Camp: A Certain Kind of Perfect

Last week, we spent one of our days up north at Camp Kon-O-Kwee.  Though my family moved around a lot growing up, Camp was the one constant.  I started going to Camp Kon-O-Kwee when I was six years old in the YMCA’s Indian Princess program.  Then at seven, I started summer camp.  Then in high school, I became a Counselor-In-Training.  Two years later, I became a Counselor.  Then, and finally, I became a Village Director.

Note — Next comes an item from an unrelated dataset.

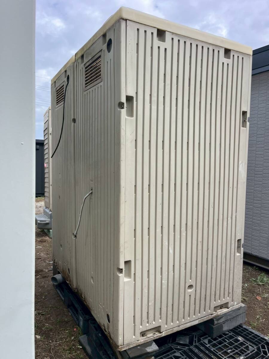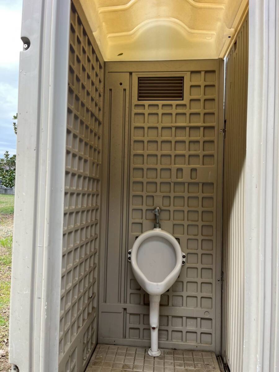 | 中古の水洗式の仮設トイレです。和式の個室に男性用のトイレ室を連結しています。男性用には扉がありません。和式の便器の手前下のパーツが欠品しています。設置には基礎の準備が必要です。現状渡しとなりますのでご了承ください。 | |||

Part of me cannot believe that time in my life is over, that the many summers I spent at camp are over and done.  Camp creeps upon me at odd times: when a certain smell is in the air, a certain song is playing on the radio, a certain type of evening breeze, the feel of concrete or grass, the smell of a fire or marshmallows, stars in the sky.  And then I am right back there, back to the place that taught me so much about life, people, and possibility.  Camp, and the people there (namely Uncle Rob, Aunt Judy, Uncle Harry, and so many of the staff I worked alongside for so many summers), taught me how to recognize and be confident in my ability to work hard.  My parents instilled a solid work ethic in me, but it was at camp –  sweeping outside the dining hall Saturday mornings, making peanut butter and jelly sandwiches before lunch, helping out in the dish room, tarring cracks in the tennis court – where I realized I was, I am, good at working hard.  Really good at it.  In fact, it is the thing I like best about myself.

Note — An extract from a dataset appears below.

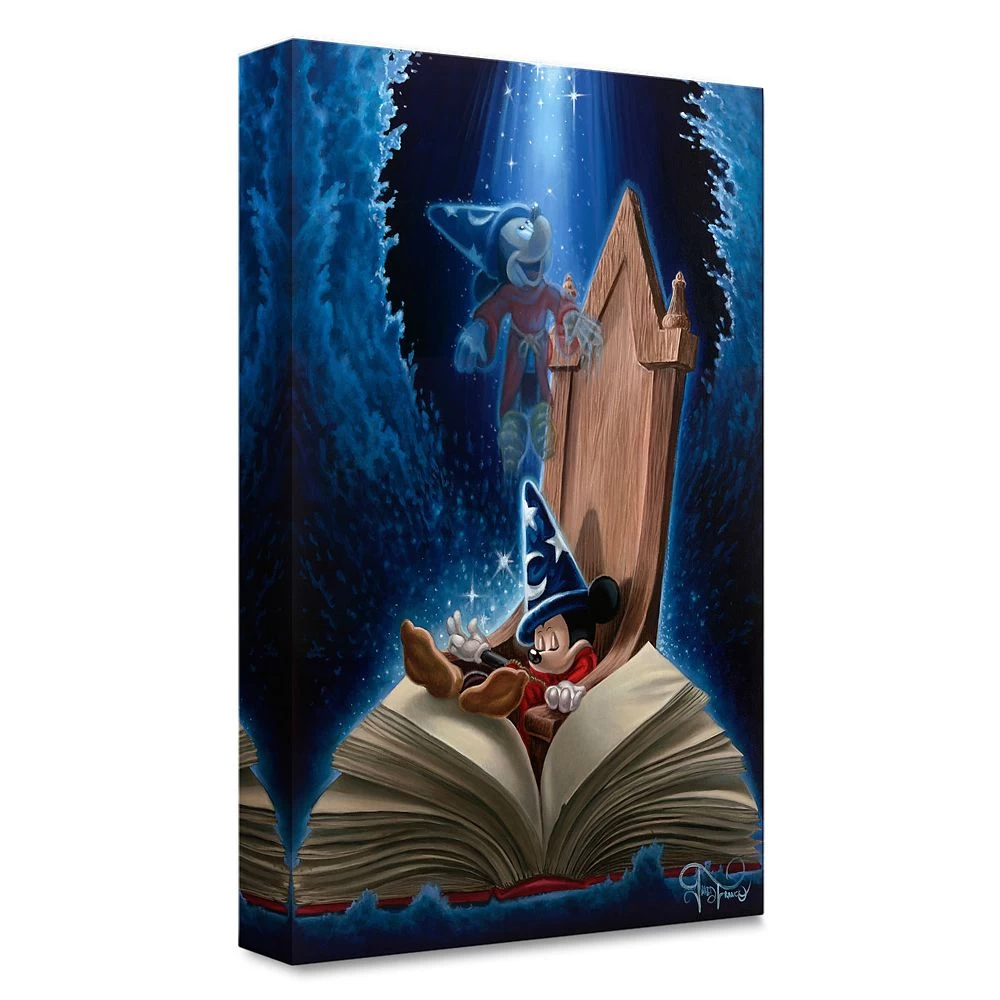 The young apprentice Mickey is ”Dreaming of Sorcery” in this spellbinding work by Jared Franco. Inspired by the memorable segment in Walt Disney’s Fantasia, this limited edition giclée on canvas comes gallery wrapped and includes a certificate of authenticity.

And though my days at Camp summer after summer and even on the weekends are over (and though this makes me unbelievable sad), it was with unparalleled delight that I was able to return, if only for a day, to camp with my kids.  We stayed in a beautiful guest cabin, tackled the Trail of Courage four times, walked across camp, took the kids on a paddle boat in the pond, took a morning hike, visited our old lodges, made a camp fire, roasted a bag full of marshmallows, and sat staring into the camp fire until nothing else seemed to matter very much at all except the simple fact of our family together and the gooey golden brown goodness of a perfectly roasted mallow.

As we sat there, Sidney rolling around on a blanket in the grass, Riley armed with a marshmallow stick, and Adrian asleep inside, I told Shawn the day had been perfect.  A certain kind of perfect.  Camp perfect.  He agreed.